Find the line with "원격대학이 설치‧운영할 수" and the line with "[신화망 중국 카이리" in the entries below; output exactly those two lines, every line between them, and no others.

## [Exercise data]
===

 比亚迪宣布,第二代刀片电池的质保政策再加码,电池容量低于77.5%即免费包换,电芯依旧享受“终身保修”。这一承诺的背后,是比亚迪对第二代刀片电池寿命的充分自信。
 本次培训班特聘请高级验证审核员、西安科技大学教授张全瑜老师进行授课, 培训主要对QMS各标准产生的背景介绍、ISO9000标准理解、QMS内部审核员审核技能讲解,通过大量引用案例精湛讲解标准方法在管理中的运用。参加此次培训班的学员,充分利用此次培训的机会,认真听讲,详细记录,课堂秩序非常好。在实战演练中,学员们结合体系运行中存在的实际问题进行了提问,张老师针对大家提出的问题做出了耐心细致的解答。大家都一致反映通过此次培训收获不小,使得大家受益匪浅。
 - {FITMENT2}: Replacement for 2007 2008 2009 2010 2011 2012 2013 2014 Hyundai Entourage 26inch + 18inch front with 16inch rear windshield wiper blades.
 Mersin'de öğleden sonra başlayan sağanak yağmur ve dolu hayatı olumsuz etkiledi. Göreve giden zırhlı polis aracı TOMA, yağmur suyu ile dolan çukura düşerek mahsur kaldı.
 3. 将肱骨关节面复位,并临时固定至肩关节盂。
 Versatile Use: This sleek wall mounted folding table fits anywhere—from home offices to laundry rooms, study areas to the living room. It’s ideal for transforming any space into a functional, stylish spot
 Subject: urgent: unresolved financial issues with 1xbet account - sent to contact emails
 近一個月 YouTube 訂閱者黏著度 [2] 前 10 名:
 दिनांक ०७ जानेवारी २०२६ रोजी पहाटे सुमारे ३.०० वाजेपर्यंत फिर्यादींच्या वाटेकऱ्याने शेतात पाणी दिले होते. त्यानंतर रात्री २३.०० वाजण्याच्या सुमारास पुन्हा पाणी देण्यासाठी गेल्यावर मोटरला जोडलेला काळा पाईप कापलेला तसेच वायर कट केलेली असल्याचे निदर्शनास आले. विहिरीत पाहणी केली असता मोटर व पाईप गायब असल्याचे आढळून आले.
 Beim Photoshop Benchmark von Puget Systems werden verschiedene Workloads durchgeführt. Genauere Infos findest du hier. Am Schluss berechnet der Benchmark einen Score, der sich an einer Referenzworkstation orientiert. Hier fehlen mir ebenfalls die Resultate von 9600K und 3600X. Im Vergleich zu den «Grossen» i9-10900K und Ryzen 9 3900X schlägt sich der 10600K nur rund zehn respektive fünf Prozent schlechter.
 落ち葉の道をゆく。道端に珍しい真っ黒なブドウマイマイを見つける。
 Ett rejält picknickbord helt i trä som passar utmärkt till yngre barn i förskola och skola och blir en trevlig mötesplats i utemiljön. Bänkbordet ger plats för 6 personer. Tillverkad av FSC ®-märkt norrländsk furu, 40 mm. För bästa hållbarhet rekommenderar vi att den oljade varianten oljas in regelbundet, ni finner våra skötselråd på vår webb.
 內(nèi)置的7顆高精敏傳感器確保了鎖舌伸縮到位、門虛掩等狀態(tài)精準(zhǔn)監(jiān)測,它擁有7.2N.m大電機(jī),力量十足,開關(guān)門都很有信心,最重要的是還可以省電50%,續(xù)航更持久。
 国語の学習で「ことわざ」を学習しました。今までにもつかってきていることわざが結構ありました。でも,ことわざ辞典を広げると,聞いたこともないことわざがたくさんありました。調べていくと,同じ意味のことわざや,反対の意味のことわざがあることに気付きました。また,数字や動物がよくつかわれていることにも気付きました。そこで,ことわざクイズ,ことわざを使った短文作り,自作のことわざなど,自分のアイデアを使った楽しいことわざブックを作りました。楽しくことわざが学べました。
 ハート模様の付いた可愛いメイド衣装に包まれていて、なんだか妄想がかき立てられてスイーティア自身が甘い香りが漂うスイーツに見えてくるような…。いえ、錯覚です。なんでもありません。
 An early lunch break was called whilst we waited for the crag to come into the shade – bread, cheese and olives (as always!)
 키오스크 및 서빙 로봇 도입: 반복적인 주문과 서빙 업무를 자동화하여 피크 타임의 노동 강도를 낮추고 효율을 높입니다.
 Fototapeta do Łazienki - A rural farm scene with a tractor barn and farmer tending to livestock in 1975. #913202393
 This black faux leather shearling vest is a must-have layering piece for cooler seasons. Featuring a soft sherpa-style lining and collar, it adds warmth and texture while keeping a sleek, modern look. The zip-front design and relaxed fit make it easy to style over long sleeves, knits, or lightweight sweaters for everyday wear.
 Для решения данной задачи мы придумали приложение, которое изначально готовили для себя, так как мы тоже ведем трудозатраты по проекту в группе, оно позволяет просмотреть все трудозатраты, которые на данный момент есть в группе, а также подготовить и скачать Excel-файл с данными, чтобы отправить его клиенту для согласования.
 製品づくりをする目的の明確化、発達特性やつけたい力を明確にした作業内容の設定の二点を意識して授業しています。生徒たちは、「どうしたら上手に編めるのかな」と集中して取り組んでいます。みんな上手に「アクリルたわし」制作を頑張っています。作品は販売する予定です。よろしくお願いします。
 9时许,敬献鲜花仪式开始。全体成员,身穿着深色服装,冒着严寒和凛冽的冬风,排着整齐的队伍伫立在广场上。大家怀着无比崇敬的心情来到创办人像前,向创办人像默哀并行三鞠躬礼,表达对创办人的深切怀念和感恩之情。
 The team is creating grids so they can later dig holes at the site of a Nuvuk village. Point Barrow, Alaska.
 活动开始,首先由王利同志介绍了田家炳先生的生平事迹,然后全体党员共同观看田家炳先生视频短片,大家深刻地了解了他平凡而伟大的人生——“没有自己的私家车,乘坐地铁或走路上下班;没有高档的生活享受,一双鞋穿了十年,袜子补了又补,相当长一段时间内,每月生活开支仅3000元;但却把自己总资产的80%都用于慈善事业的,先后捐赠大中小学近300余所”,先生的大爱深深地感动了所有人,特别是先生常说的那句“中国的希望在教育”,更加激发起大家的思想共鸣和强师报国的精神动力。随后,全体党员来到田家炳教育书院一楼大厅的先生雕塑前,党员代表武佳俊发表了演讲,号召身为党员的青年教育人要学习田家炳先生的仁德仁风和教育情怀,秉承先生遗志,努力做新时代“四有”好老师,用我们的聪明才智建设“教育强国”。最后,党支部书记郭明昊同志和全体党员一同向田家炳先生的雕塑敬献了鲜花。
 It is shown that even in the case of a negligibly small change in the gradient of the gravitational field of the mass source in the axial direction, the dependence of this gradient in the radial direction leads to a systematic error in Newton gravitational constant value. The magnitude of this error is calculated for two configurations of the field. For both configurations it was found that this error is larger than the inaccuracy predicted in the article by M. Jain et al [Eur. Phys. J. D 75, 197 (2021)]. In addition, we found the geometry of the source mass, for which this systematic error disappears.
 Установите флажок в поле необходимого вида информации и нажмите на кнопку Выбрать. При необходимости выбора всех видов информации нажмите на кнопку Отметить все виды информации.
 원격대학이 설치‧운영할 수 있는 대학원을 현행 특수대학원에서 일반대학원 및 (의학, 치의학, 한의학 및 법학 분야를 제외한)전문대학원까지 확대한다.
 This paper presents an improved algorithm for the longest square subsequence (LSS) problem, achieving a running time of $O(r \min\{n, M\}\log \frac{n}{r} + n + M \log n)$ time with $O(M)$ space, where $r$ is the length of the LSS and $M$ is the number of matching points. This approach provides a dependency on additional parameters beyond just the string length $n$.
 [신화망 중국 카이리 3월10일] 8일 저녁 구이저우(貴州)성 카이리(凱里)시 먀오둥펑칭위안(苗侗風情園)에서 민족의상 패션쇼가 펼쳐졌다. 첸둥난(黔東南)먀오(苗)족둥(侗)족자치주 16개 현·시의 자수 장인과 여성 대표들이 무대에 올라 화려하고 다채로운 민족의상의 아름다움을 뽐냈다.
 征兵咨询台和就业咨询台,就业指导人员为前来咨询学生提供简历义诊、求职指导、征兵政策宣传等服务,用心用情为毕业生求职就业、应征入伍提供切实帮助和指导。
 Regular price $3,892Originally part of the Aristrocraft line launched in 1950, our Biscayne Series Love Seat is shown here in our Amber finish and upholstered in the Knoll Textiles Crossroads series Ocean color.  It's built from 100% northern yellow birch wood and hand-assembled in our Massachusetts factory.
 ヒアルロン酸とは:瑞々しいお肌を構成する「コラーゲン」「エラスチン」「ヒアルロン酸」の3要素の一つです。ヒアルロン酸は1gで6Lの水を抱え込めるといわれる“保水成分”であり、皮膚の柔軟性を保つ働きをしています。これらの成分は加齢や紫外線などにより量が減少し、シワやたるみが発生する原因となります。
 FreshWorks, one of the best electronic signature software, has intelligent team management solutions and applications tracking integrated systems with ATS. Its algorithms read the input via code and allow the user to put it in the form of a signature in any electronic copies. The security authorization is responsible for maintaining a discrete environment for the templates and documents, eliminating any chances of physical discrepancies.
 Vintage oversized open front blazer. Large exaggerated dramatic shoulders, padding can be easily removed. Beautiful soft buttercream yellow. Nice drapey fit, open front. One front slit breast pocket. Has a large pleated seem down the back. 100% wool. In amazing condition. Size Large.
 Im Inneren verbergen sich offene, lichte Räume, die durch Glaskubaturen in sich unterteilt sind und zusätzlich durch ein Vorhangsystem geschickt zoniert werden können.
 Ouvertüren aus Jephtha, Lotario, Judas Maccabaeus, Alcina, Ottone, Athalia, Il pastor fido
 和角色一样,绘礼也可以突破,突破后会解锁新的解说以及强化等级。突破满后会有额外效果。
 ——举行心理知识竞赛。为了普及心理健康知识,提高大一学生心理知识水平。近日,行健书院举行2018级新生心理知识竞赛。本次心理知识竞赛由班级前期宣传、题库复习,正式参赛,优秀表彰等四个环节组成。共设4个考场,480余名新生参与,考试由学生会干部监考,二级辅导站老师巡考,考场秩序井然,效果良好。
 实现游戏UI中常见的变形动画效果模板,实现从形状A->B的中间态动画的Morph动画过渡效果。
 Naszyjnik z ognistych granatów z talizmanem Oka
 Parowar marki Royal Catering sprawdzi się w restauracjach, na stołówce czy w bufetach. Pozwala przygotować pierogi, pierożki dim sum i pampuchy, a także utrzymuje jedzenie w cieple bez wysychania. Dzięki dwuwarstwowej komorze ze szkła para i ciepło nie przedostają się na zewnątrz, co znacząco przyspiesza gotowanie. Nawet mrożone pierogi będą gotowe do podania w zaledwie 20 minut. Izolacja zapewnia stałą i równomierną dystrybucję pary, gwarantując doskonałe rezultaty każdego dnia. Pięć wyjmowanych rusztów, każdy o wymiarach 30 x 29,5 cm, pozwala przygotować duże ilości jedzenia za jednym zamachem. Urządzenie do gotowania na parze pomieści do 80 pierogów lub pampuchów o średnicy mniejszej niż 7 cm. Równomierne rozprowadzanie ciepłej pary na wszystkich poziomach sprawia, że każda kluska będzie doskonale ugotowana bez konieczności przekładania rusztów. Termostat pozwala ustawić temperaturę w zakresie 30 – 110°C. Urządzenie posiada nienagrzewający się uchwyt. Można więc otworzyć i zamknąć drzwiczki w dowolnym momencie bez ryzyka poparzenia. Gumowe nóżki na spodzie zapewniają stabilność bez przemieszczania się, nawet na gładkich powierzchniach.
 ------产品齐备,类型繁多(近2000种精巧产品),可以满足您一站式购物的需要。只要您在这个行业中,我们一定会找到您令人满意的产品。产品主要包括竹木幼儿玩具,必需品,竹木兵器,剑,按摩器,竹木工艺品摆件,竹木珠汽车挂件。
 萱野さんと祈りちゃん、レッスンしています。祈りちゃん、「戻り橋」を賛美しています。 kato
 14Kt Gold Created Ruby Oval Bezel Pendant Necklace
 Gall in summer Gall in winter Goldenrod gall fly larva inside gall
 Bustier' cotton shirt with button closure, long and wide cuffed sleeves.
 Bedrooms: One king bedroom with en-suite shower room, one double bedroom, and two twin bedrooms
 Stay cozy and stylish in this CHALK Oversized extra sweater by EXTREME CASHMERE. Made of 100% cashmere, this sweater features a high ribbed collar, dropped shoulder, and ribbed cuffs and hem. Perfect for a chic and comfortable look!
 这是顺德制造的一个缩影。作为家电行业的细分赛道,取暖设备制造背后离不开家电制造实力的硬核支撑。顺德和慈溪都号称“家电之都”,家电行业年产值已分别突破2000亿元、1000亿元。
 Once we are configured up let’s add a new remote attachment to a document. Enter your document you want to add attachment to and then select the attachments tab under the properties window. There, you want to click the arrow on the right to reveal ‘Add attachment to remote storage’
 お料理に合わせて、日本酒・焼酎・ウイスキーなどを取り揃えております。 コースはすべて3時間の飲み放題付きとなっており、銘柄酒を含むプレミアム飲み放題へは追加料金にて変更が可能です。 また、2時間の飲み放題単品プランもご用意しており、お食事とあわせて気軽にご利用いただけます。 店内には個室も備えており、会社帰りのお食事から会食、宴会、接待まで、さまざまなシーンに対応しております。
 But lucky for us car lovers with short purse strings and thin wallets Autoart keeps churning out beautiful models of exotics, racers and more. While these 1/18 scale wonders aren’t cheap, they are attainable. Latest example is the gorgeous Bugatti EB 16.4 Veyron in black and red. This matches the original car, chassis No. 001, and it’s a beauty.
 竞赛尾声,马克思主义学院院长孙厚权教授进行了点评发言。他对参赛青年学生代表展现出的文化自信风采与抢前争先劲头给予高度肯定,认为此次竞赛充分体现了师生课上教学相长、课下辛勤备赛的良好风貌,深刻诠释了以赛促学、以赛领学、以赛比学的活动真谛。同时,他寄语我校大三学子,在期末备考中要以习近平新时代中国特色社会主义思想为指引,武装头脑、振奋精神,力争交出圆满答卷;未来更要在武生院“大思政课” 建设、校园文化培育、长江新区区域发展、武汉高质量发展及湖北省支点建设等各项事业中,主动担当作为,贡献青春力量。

===

## [Finished exercise]
 원격대학이 설치‧운영할 수 있는 대학원을 현행 특수대학원에서 일반대학원 및 (의학, 치의학, 한의학 및 법학 분야를 제외한)전문대학원까지 확대한다.
 This paper presents an improved algorithm for the longest square subsequence (LSS) problem, achieving a running time of $O(r \min\{n, M\}\log \frac{n}{r} + n + M \log n)$ time with $O(M)$ space, where $r$ is the length of the LSS and $M$ is the number of matching points. This approach provides a dependency on additional parameters beyond just the string length $n$.
 [신화망 중국 카이리 3월10일] 8일 저녁 구이저우(貴州)성 카이리(凱里)시 먀오둥펑칭위안(苗侗風情園)에서 민족의상 패션쇼가 펼쳐졌다. 첸둥난(黔東南)먀오(苗)족둥(侗)족자치주 16개 현·시의 자수 장인과 여성 대표들이 무대에 올라 화려하고 다채로운 민족의상의 아름다움을 뽐냈다.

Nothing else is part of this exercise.